Task description -
Copy out the records below exactly as they appear.

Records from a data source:
§
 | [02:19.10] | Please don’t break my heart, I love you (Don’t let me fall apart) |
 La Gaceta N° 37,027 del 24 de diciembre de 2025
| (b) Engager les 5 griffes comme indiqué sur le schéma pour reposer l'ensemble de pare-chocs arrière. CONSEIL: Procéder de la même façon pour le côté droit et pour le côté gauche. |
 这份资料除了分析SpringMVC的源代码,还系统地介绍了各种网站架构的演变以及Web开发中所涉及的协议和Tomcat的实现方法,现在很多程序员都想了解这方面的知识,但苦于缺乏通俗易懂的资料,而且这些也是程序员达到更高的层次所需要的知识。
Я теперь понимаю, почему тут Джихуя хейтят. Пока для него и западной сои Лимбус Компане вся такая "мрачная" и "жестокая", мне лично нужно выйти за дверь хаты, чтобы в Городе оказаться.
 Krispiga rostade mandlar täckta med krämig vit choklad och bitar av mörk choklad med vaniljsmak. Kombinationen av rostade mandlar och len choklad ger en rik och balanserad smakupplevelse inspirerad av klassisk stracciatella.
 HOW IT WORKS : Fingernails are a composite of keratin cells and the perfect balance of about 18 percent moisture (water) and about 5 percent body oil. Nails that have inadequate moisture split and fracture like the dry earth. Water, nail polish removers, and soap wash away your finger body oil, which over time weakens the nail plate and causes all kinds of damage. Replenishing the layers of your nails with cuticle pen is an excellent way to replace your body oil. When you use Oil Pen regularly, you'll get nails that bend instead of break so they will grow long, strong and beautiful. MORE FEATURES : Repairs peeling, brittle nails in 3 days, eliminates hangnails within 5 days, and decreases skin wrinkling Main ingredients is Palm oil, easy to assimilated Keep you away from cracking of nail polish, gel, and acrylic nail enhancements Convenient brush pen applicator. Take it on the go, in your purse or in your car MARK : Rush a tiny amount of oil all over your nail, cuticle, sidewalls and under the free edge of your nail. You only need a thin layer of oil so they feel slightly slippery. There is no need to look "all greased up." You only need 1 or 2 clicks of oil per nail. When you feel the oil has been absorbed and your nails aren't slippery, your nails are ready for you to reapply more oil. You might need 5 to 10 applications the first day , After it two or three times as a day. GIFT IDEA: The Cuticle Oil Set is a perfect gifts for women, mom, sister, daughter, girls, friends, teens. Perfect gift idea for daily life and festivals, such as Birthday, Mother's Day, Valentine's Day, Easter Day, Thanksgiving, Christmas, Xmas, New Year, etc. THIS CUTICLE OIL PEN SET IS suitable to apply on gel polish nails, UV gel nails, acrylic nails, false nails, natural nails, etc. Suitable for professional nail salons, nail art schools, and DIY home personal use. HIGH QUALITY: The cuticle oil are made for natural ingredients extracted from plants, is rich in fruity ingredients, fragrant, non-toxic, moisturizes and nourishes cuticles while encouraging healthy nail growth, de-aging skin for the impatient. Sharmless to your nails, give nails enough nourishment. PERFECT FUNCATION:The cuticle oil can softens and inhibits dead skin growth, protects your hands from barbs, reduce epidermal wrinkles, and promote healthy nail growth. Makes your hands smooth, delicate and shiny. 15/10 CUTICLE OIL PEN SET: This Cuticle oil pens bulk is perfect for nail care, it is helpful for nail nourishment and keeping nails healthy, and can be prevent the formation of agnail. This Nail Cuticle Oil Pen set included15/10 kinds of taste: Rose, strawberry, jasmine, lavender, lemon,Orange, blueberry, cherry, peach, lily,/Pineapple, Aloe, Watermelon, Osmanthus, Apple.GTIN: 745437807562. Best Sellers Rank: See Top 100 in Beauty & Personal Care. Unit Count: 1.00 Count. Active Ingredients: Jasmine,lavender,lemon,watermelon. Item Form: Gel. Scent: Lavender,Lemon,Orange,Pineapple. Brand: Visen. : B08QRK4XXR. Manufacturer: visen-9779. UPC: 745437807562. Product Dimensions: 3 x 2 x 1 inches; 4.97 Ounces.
§
Worked solution -
 | [02:19.10] | Please don’t break my heart, I love you (Don’t let me fall apart) |
 La Gaceta N° 37,027 del 24 de diciembre de 2025
| (b) Engager les 5 griffes comme indiqué sur le schéma pour reposer l'ensemble de pare-chocs arrière. CONSEIL: Procéder de la même façon pour le côté droit et pour le côté gauche. |
 这份资料除了分析SpringMVC的源代码,还系统地介绍了各种网站架构的演变以及Web开发中所涉及的协议和Tomcat的实现方法,现在很多程序员都想了解这方面的知识,但苦于缺乏通俗易懂的资料,而且这些也是程序员达到更高的层次所需要的知识。
Я теперь понимаю, почему тут Джихуя хейтят. Пока для него и западной сои Лимбус Компане вся такая "мрачная" и "жестокая", мне лично нужно выйти за дверь хаты, чтобы в Городе оказаться.
 Krispiga rostade mandlar täckta med krämig vit choklad och bitar av mörk choklad med vaniljsmak. Kombinationen av rostade mandlar och len choklad ger en rik och balanserad smakupplevelse inspirerad av klassisk stracciatella.
 HOW IT WORKS : Fingernails are a composite of keratin cells and the perfect balance of about 18 percent moisture (water) and about 5 percent body oil. Nails that have inadequate moisture split and fracture like the dry earth. Water, nail polish removers, and soap wash away your finger body oil, which over time weakens the nail plate and causes all kinds of damage. Replenishing the layers of your nails with cuticle pen is an excellent way to replace your body oil. When you use Oil Pen regularly, you'll get nails that bend instead of break so they will grow long, strong and beautiful. MORE FEATURES : Repairs peeling, brittle nails in 3 days, eliminates hangnails within 5 days, and decreases skin wrinkling Main ingredients is Palm oil, easy to assimilated Keep you away from cracking of nail polish, gel, and acrylic nail enhancements Convenient brush pen applicator. Take it on the go, in your purse or in your car MARK : Rush a tiny amount of oil all over your nail, cuticle, sidewalls and under the free edge of your nail. You only need a thin layer of oil so they feel slightly slippery. There is no need to look "all greased up." You only need 1 or 2 clicks of oil per nail. When you feel the oil has been absorbed and your nails aren't slippery, your nails are ready for you to reapply more oil. You might need 5 to 10 applications the first day , After it two or three times as a day. GIFT IDEA: The Cuticle Oil Set is a perfect gifts for women, mom, sister, daughter, girls, friends, teens. Perfect gift idea for daily life and festivals, such as Birthday, Mother's Day, Valentine's Day, Easter Day, Thanksgiving, Christmas, Xmas, New Year, etc. THIS CUTICLE OIL PEN SET IS suitable to apply on gel polish nails, UV gel nails, acrylic nails, false nails, natural nails, etc. Suitable for professional nail salons, nail art schools, and DIY home personal use. HIGH QUALITY: The cuticle oil are made for natural ingredients extracted from plants, is rich in fruity ingredients, fragrant, non-toxic, moisturizes and nourishes cuticles while encouraging healthy nail growth, de-aging skin for the impatient. Sharmless to your nails, give nails enough nourishment. PERFECT FUNCATION:The cuticle oil can softens and inhibits dead skin growth, protects your hands from barbs, reduce epidermal wrinkles, and promote healthy nail growth. Makes your hands smooth, delicate and shiny. 15/10 CUTICLE OIL PEN SET: This Cuticle oil pens bulk is perfect for nail care, it is helpful for nail nourishment and keeping nails healthy, and can be prevent the formation of agnail. This Nail Cuticle Oil Pen set included15/10 kinds of taste: Rose, strawberry, jasmine, lavender, lemon,Orange, blueberry, cherry, peach, lily,/Pineapple, Aloe, Watermelon, Osmanthus, Apple.GTIN: 745437807562. Best Sellers Rank: See Top 100 in Beauty & Personal Care. Unit Count: 1.00 Count. Active Ingredients: Jasmine,lavender,lemon,watermelon. Item Form: Gel. Scent: Lavender,Lemon,Orange,Pineapple. Brand: Visen. : B08QRK4XXR. Manufacturer: visen-9779. UPC: 745437807562. Product Dimensions: 3 x 2 x 1 inches; 4.97 Ounces.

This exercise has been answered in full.